● **Aim of the task**: Pictures in the data should be dropped; transcribe exactly the lines from the one that has "Lực lượng thanh" through the one that has "このまま出せるんじゃな い!? 41".

● **Supplied records**:

== == ==

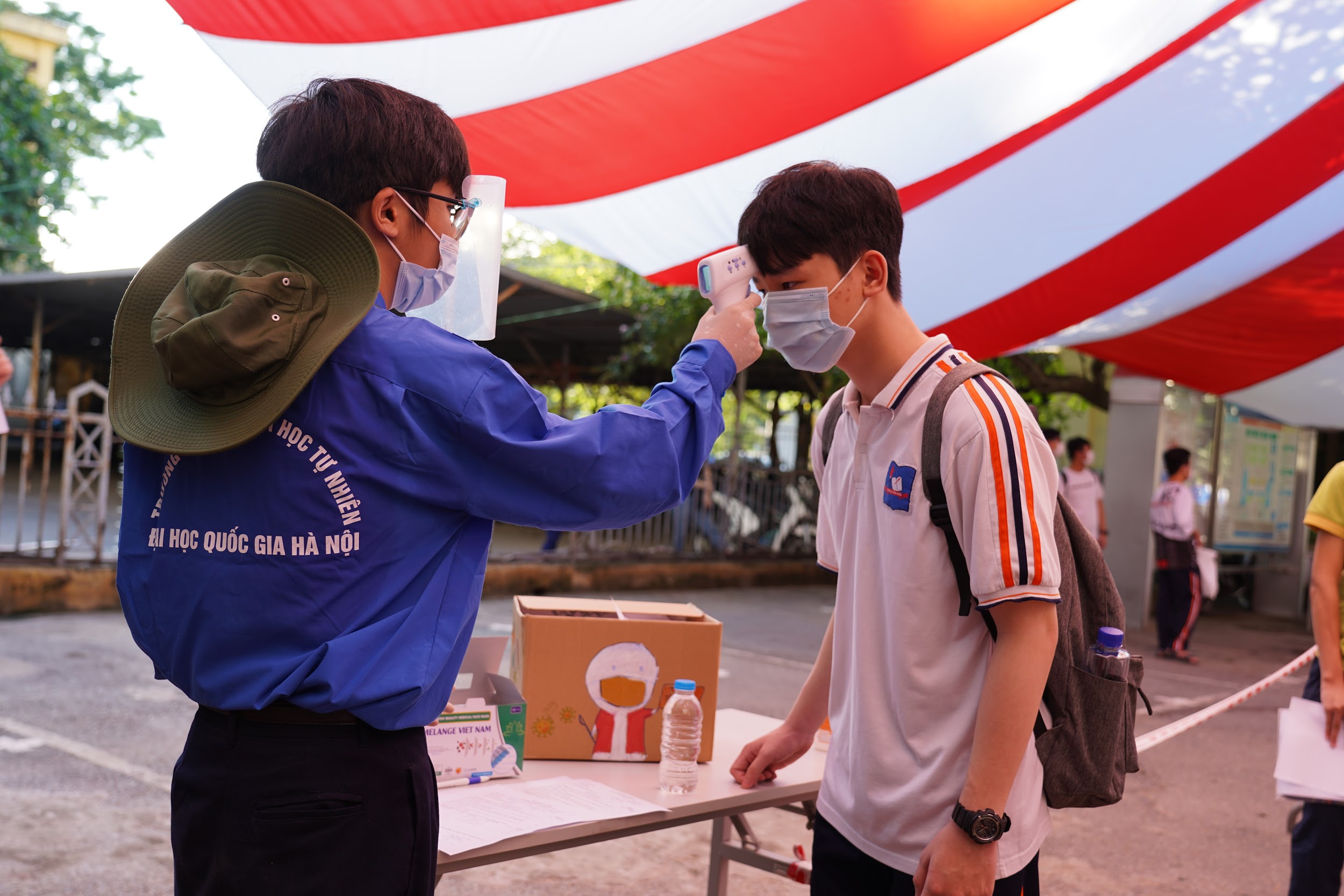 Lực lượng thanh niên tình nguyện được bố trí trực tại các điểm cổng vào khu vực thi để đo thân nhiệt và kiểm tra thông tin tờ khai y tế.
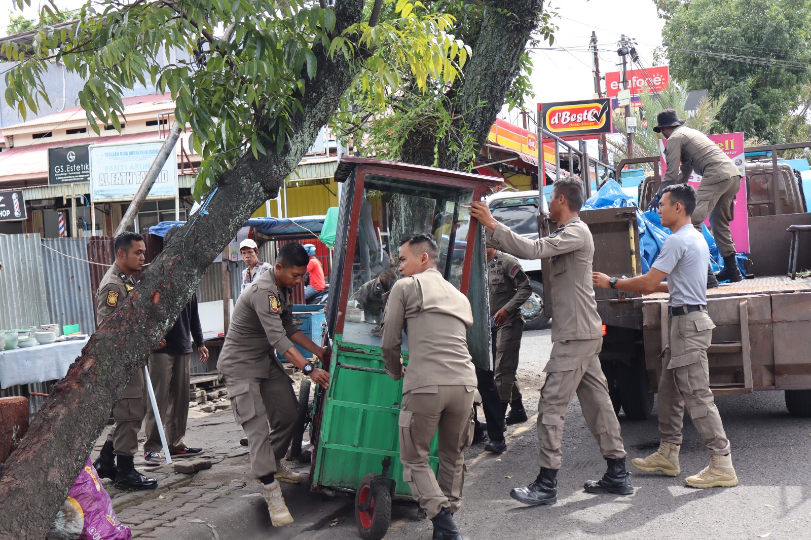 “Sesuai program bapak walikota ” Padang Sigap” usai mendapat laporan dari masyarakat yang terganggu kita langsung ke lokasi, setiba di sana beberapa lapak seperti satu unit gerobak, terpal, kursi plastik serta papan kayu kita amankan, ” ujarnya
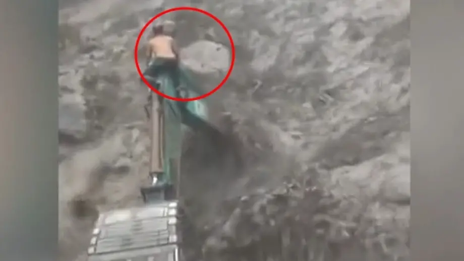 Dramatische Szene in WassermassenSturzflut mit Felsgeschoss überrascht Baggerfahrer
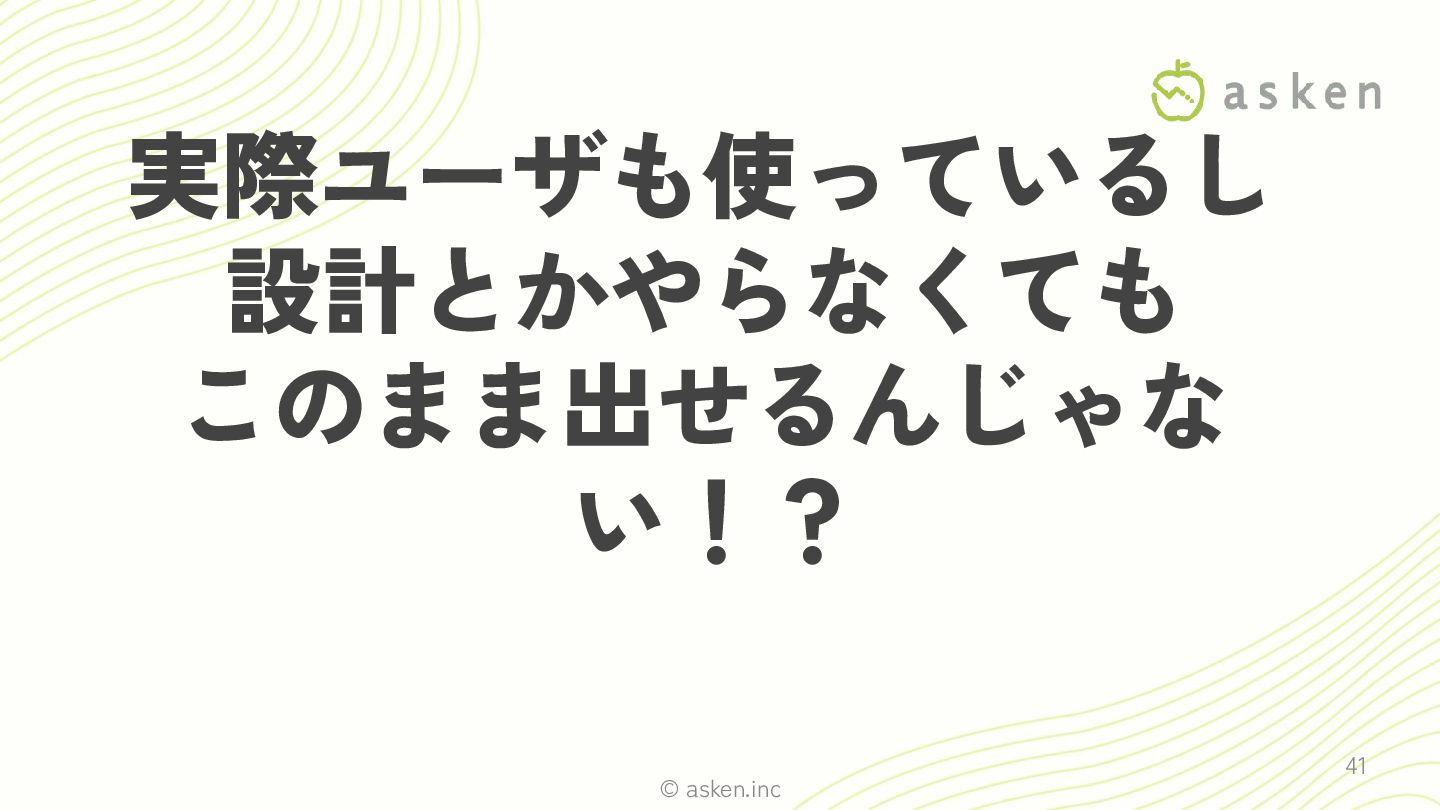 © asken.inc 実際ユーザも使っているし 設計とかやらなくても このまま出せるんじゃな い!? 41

== == ==

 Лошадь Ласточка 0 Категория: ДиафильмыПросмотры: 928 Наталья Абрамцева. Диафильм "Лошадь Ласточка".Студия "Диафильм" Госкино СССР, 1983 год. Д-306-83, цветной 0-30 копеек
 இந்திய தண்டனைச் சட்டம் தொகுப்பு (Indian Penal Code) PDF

== == ==

● **Answer to this problem**:
 Lực lượng thanh niên tình nguyện được bố trí trực tại các điểm cổng vào khu vực thi để đo thân nhiệt và kiểm tra thông tin tờ khai y tế.
 “Sesuai program bapak walikota ” Padang Sigap” usai mendapat laporan dari masyarakat yang terganggu kita langsung ke lokasi, setiba di sana beberapa lapak seperti satu unit gerobak, terpal, kursi plastik serta papan kayu kita amankan, ” ujarnya
 Dramatische Szene in WassermassenSturzflut mit Felsgeschoss überrascht Baggerfahrer
 © asken.inc 実際ユーザも使っているし 設計とかやらなくても このまま出せるんじゃな い!? 41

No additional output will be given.